Chateau's legacy bodes well for area's aspiring vineyards
The eastern foot of the Helan Mountain in the Ningxia Hui autonomous region, although known as a newly emerged wine region in China, does not lack for aged grapevines.
Chateau Legacy Peak, founded in 2013, has grapevines of around 20 years of age in Ningxia. The vines planted by the current owner's father in 1997 were among the first batch of Cabernet grapes introduced to Ningxia.
Liu Hai, the vinyard's owner, described his first encounter with the grapes as a "coincidence", because at first, his family's land was designed to produce red grapes for eating, rather than Cabernet.
However, the red grape seedlings proved insufficient for the whole area of Liu's land, so the family decided to plant wine grapes on the remaining sections of the 13.33 hectares of land.
"Our winery was the first to plant these grapes in this mountainous region. At that time, we didn't have any experience to learn from," Liu said.
"At first, the cost of removing the stones and the overall field management in this mountainous area was much higher compared to that in sandy soils. The wine grapes couldn't sell for a good price on the Chinese market. The high input and low payback drove us to make a painful decision - to let the wine grapevines grow and die in their own course," Liu said.

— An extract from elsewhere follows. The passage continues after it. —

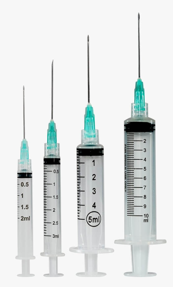 3ml syringe with needle that comes in a quantity of 25, 50 or 100.
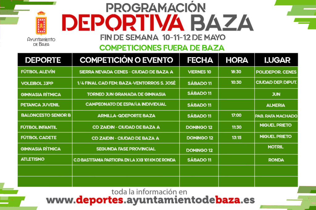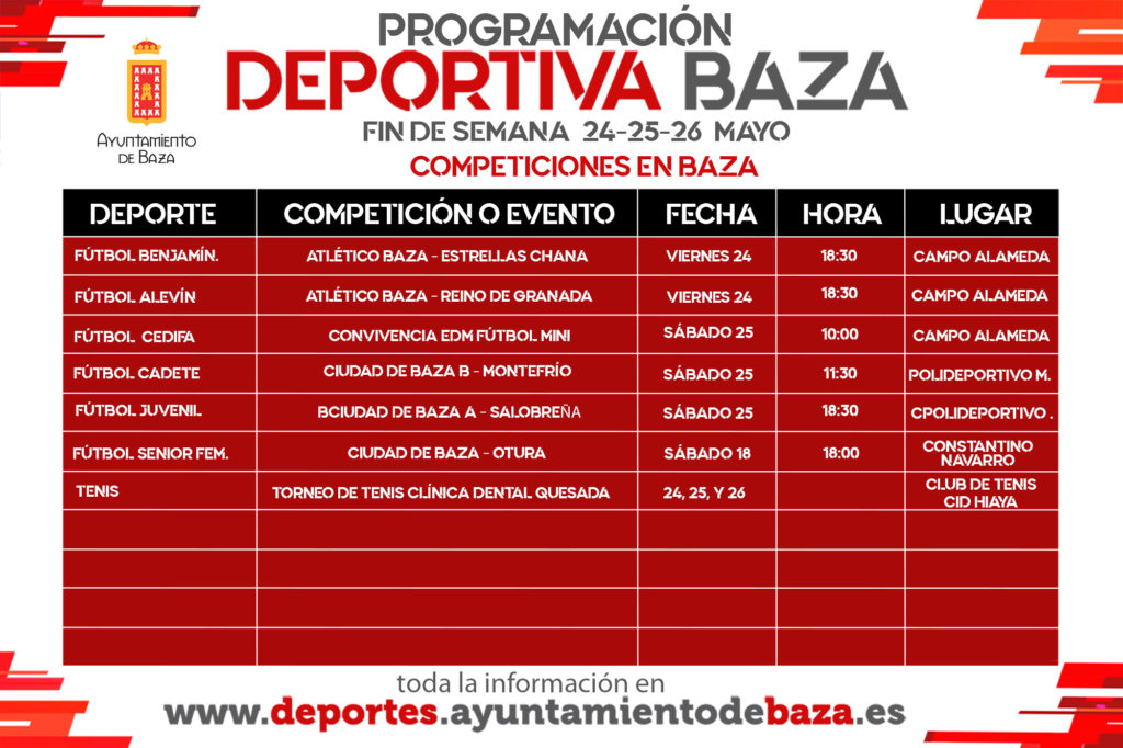 Programación deportiva para el fin de semana 24, 25 y 26 de mayo. En la programación deportiva para este fin de semana cabe destacar el Torneo de Tenis Clínica Dental Quesada, que organiza el Club de Tenis Cid Hiaya, para las categorías desde benjamín hasta absoluto. Además, los clubes de fútbol Atlético Baza y Ciudad de Baza siguen compitiendo con los equipos que finalizan la liga más tarde.

In 2010, Liu's father wanted to quit his job and let his sons inherit the vineyard or else just sell it.
"However, my mother was strongly opposed to the decision to sell the field. She urged us to come back to run the vineyard, so I undertook the task," Liu said.
The year 2011 marked the starting point for Chateau Legacy Peak making wines. From a fruit grower to a winery owner, Liu experienced a great transformation.
Gradually, Liu discovered that the alluvial fan-shaped soil created by the impact of raindrops on the Helan Mountain resulted in a layer of sand and a layer of gravel in the earth, providing a good foundation for grapevines to root down deeply into the soil.
The deeper the vines are, the more mineral substances and phenolic compounds they can take in. Gradually, the chateau improved its winemaking techniques and has received good market feedback.
The secret of Liu's wine is to work with nature, said Zhou Shuzhen, a winemaker in Chateau Legacy Peak.
"Throughout our winemaking process, we tried to highlight the natural characteristics of the grapes in the wines, instead of using food additives to change its natural beauty," Zhou said.
At first, the grape growers lost confidence as their fruit did not sell well. But after 20 years, in 2016, the total sales revenue of the winery hit 14 million yuan ($2.09 million), according to Liu.
Tony Kalleske, an Australian winemaker who worked in Chateau Legacy Peak, said: "Ningxia has a bright future ahead both for winemaking and tourism, with its natural rugged beauty and long, rich history. The bottles of Legacy Peak Cabernet and Chardonnay that I brought back to Australia were well received and surprised many people with their quality."